• **Your task**
Retype each record below word for word, pictures excluded.

BEGIN

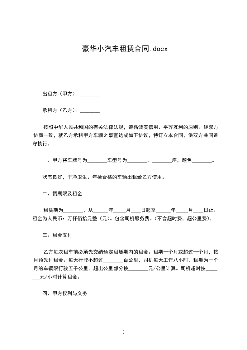 租赁期为________,从______年_____月____日起至______年_____月____日止。租金为人民币:万仟佰拾元整(元)。包含司机服务费。(不含超时费,超公里费)。
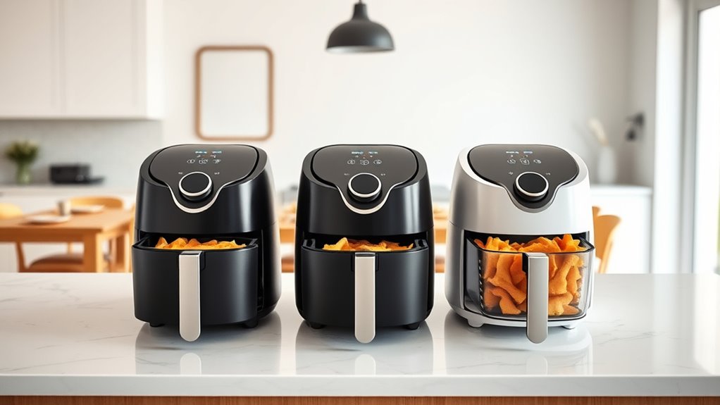Imagine a fortress protecting your family’s meal—large air fryers are equipped with safety features like automatic shut-off and cool-touch exteriors. These safeguards prevent overheating and accidental burns, giving me peace of mind when cooking for my big family. Many models also have child lock functions, ensuring curious little hands can’t access hot surfaces. It’s like having a vigilant guardian in your kitchen, making me feel secure while preparing delicious meals.
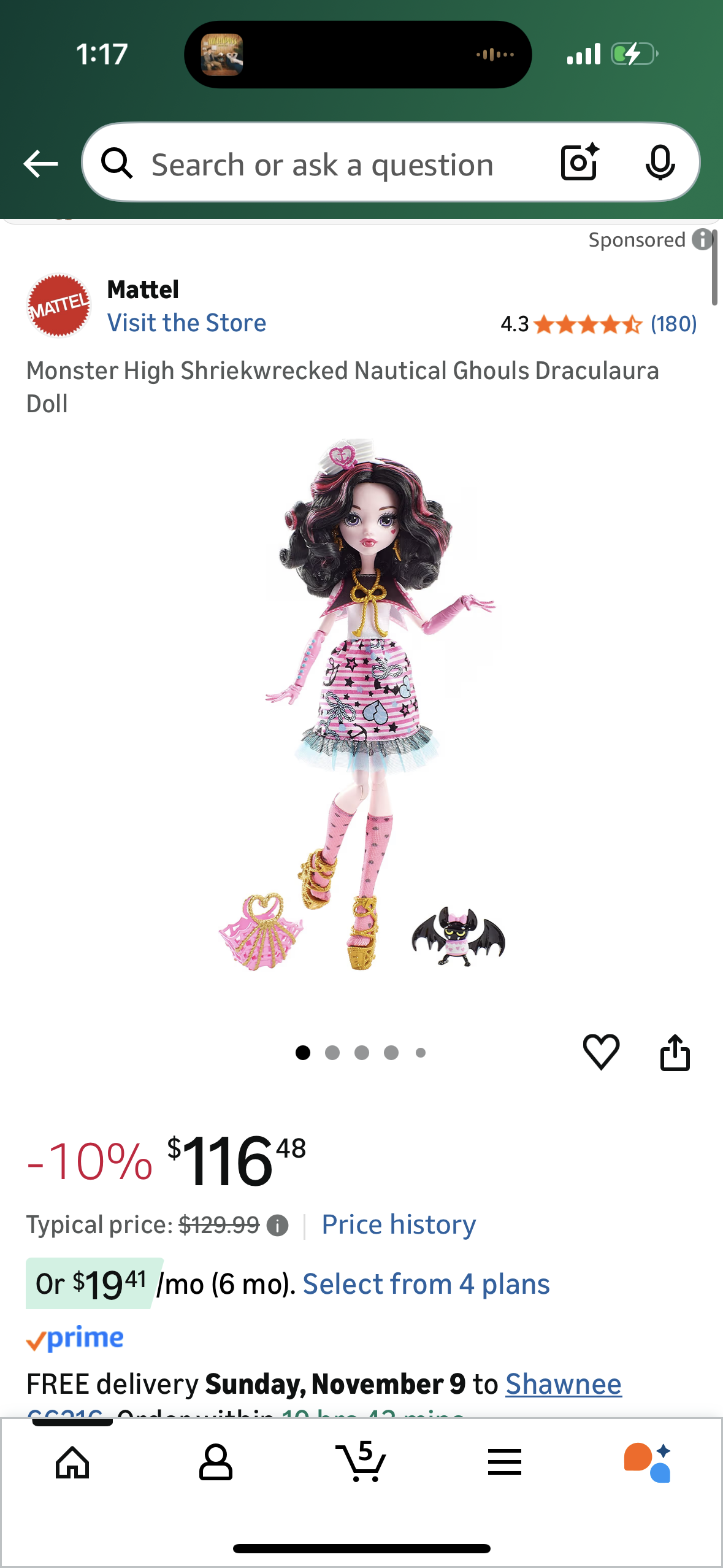 Monster High Shriekwrecked Nautical Ghouls Draculaura Doll
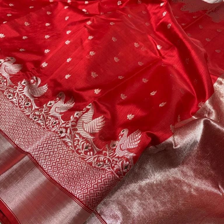 - πͺ‘ Border: Silver weaving design on silk β refined craftsmanship
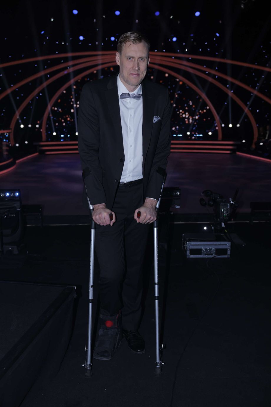 Anttila kertoo myös tarkemmin jalkansa tilanteesta. Anttila saapui livelähetykseen kyynärsauvoihin tukeutuen. Hänellä on oikeassa jalassa mojova ortoosi.
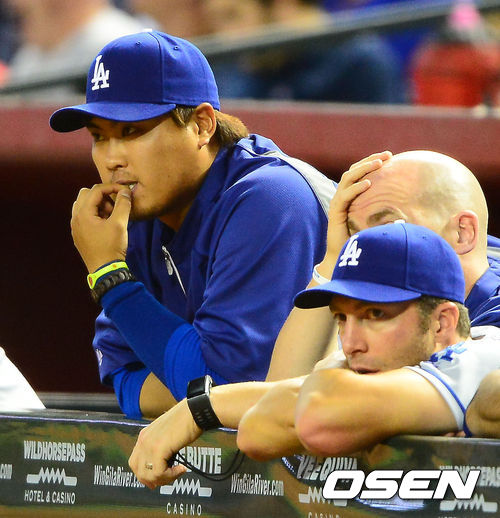 9회초 LA 다저스 류현진이 덕아웃으로 나와 손톱을 물어뜯으며 초조하게 경기를 지켜보고 있다. / rumi@osen.co.kr
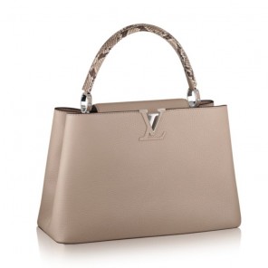 Taking its name from the rue des Capucines in Paris, where Louis Vuitton opened his first store in 1854, the timelessly elegant Capucines bag is a testament to fine leather craftsmanship. In full-grain Taurillon leather, it combines refined details, including a semi-rigid handle secured by jewel-like rings, with a spacious, functional shape offering two inside compartments. Its distinctive flap can be worn in two ways: outside to reveal the outline of a Monogram flower, or inside to show the LV initials.
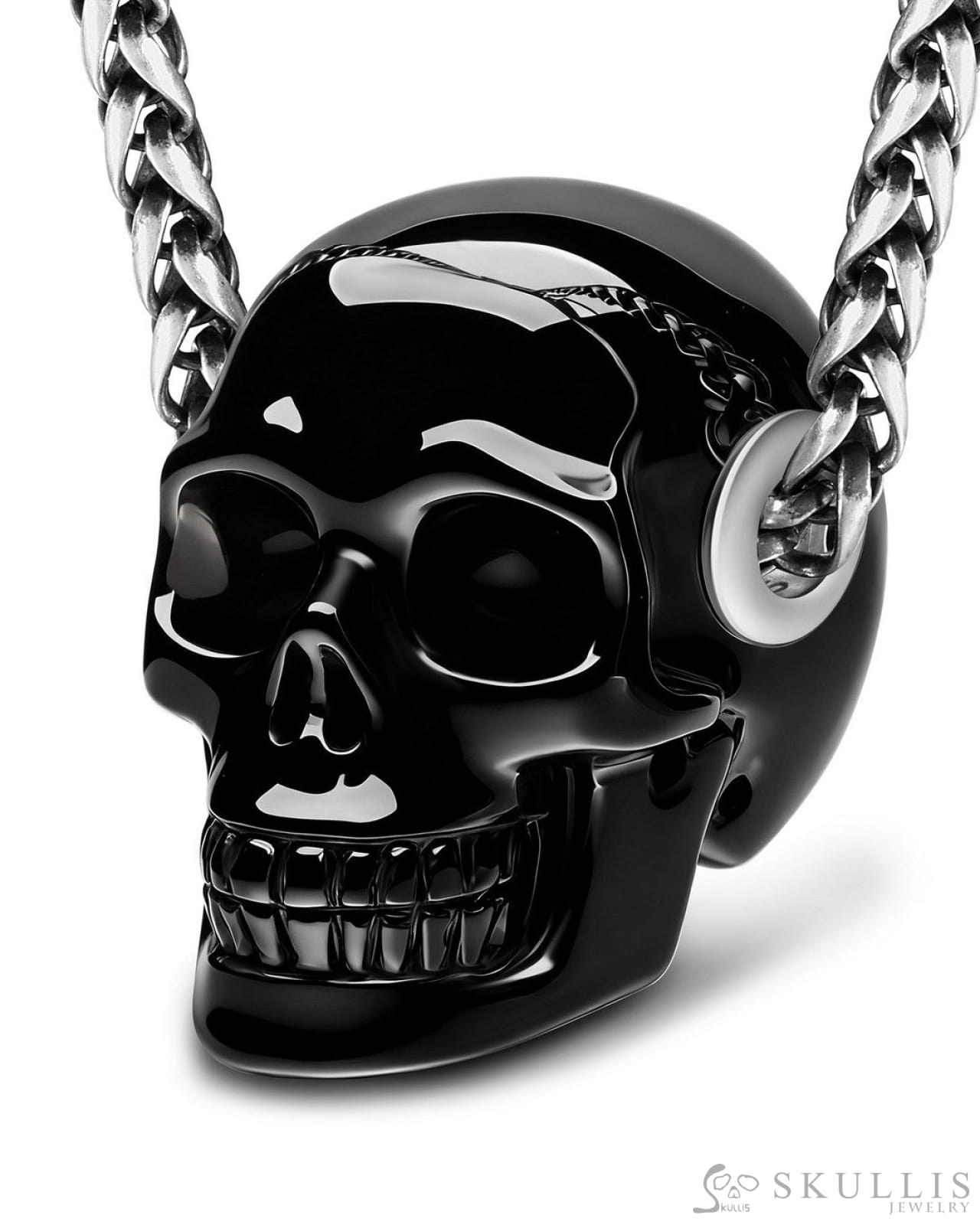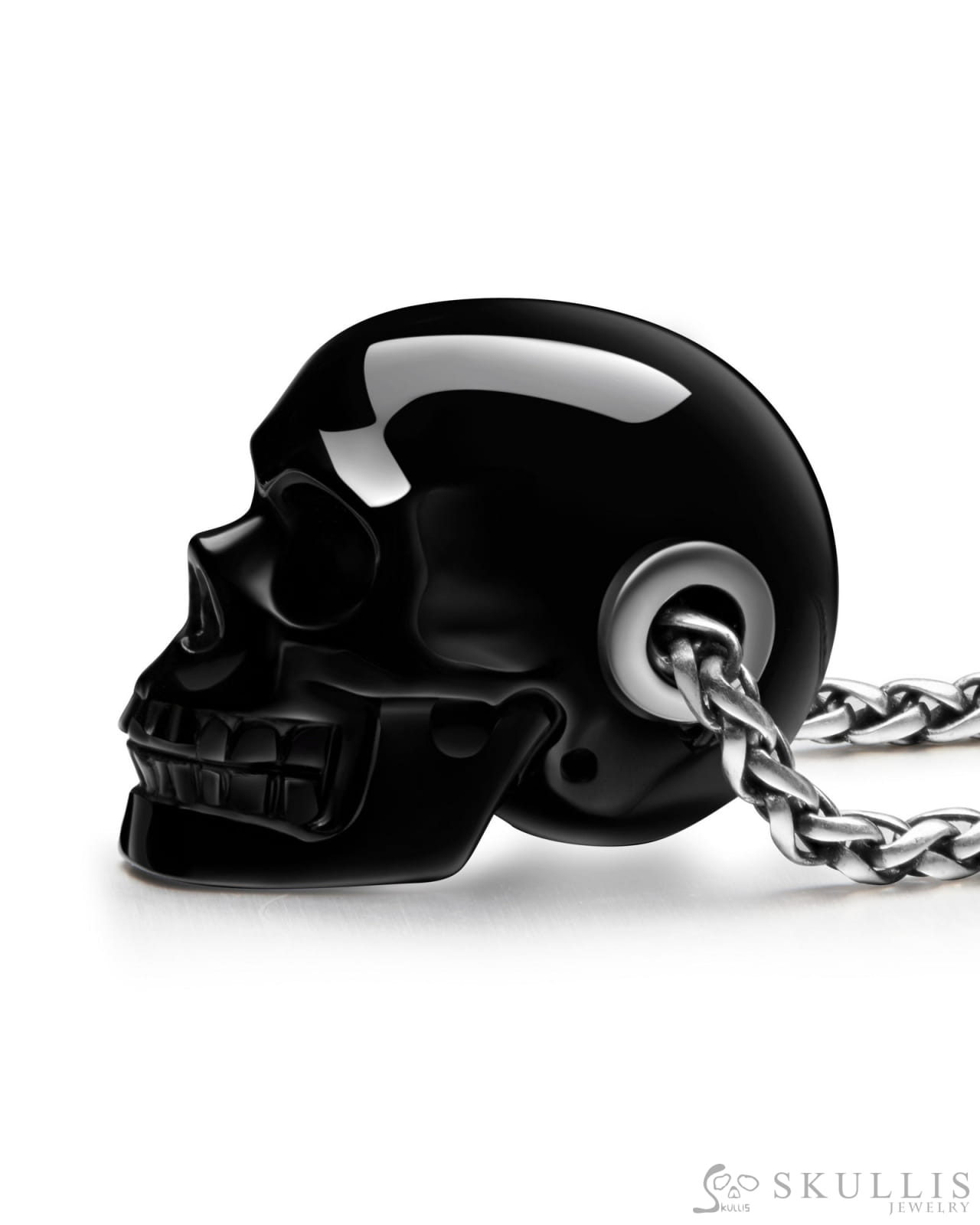 /Skullis Signature Black Obsidian Gem Skull Pendant or Necklace, Hand Carved, for Women & Men

END

• **Answer area**
 租赁期为________,从______年_____月____日起至______年_____月____日止。租金为人民币:万仟佰拾元整(元)。包含司机服务费。(不含超时费,超公里费)。
Imagine a fortress protecting your family’s meal—large air fryers are equipped with safety features like automatic shut-off and cool-touch exteriors. These safeguards prevent overheating and accidental burns, giving me peace of mind when cooking for my big family. Many models also have child lock functions, ensuring curious little hands can’t access hot surfaces. It’s like having a vigilant guardian in your kitchen, making me feel secure while preparing delicious meals.
 Monster High Shriekwrecked Nautical Ghouls Draculaura Doll
 - πͺ‘ Border: Silver weaving design on silk β refined craftsmanship
 Anttila kertoo myös tarkemmin jalkansa tilanteesta. Anttila saapui livelähetykseen kyynärsauvoihin tukeutuen. Hänellä on oikeassa jalassa mojova ortoosi.
 9회초 LA 다저스 류현진이 덕아웃으로 나와 손톱을 물어뜯으며 초조하게 경기를 지켜보고 있다. / rumi@osen.co.kr
 Taking its name from the rue des Capucines in Paris, where Louis Vuitton opened his first store in 1854, the timelessly elegant Capucines bag is a testament to fine leather craftsmanship. In full-grain Taurillon leather, it combines refined details, including a semi-rigid handle secured by jewel-like rings, with a spacious, functional shape offering two inside compartments. Its distinctive flap can be worn in two ways: outside to reveal the outline of a Monogram flower, or inside to show the LV initials.
 /Skullis Signature Black Obsidian Gem Skull Pendant or Necklace, Hand Carved, for Women & Men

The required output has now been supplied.